Exercise brief: Write out the listing exactly, from its first line through the line holding "Our patented reverse-folding", but include none of the pictures.
Exercise data section start
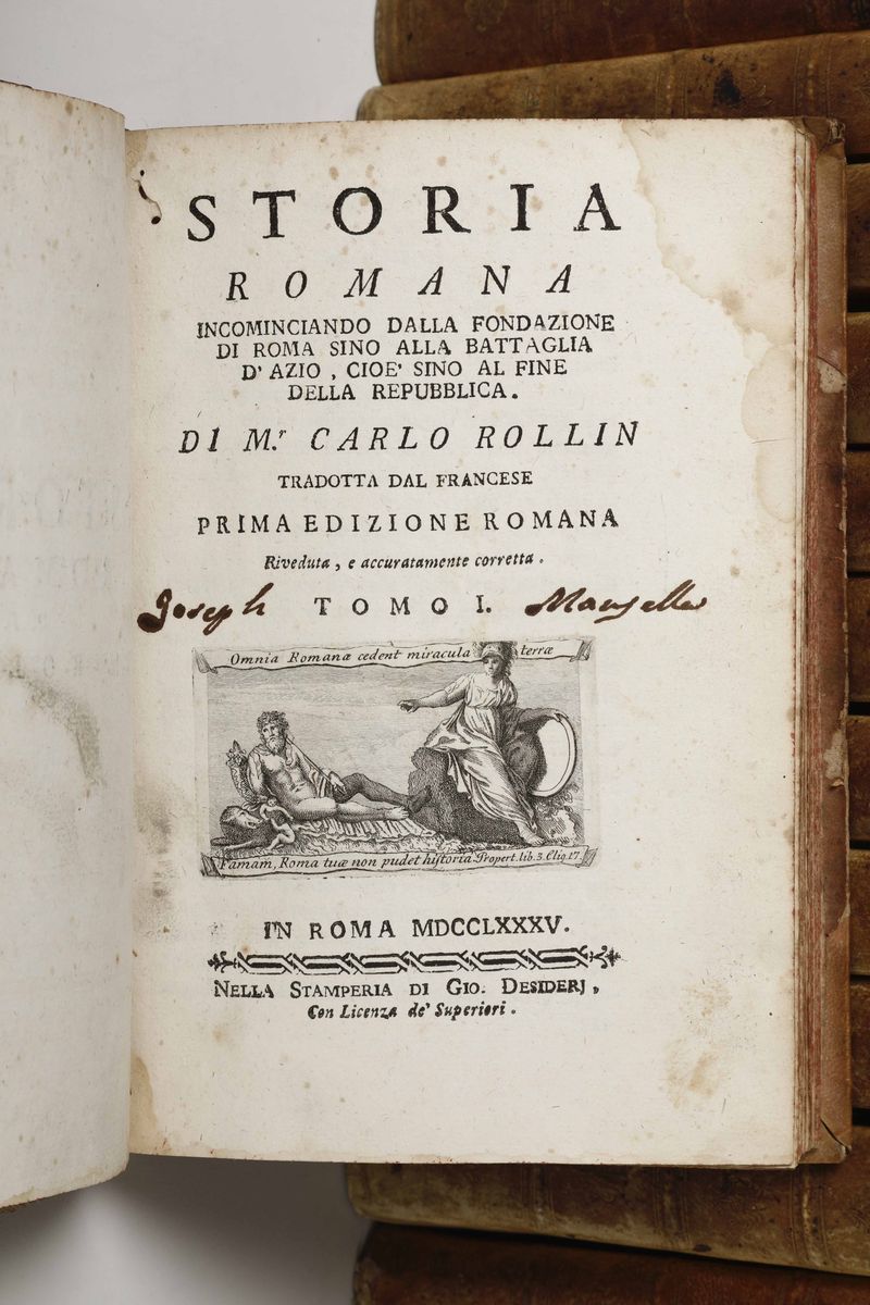 Storia romana incominciando dalla fondazione di Roma sino alla Battaglia di Anzio... In Roma, stamperia Gio Desideri, 1785.
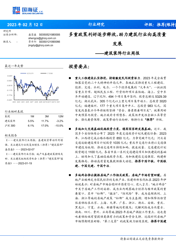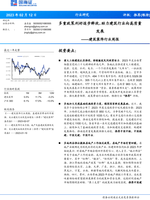 【国海证券】【20230212】建筑装饰行业周报:多重政策利好逐步释放,助力建筑行业向高质量发展-14页
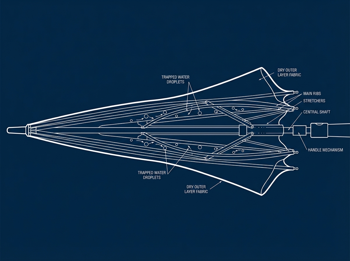 Our patented reverse-folding mechanism captures water inside the canopy as it closes, keeping the outer layer completely dry and preventing drips.
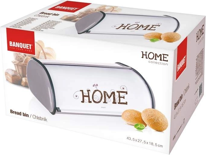 A stílusos HOME kenyértartó minőségi acélból hosszabb ideig frissen és védetten tartja péksüteményeit. Tágas méreteinek köszönhetően 43,5 × 27,5 × 18,5 cm kényelmesen tárolja a kenyeret, zsemlét és bagettet is. A tartós acél szerkezet 0,30 mm lemezvastagsággal hosszú élettartamot és egyszerű karbantartást biztosít.
Exercise data section end
Written solution:
 Storia romana incominciando dalla fondazione di Roma sino alla Battaglia di Anzio... In Roma, stamperia Gio Desideri, 1785.
 【国海证券】【20230212】建筑装饰行业周报:多重政策利好逐步释放,助力建筑行业向高质量发展-14页
 Our patented reverse-folding mechanism captures water inside the canopy as it closes, keeping the outer layer completely dry and preventing drips.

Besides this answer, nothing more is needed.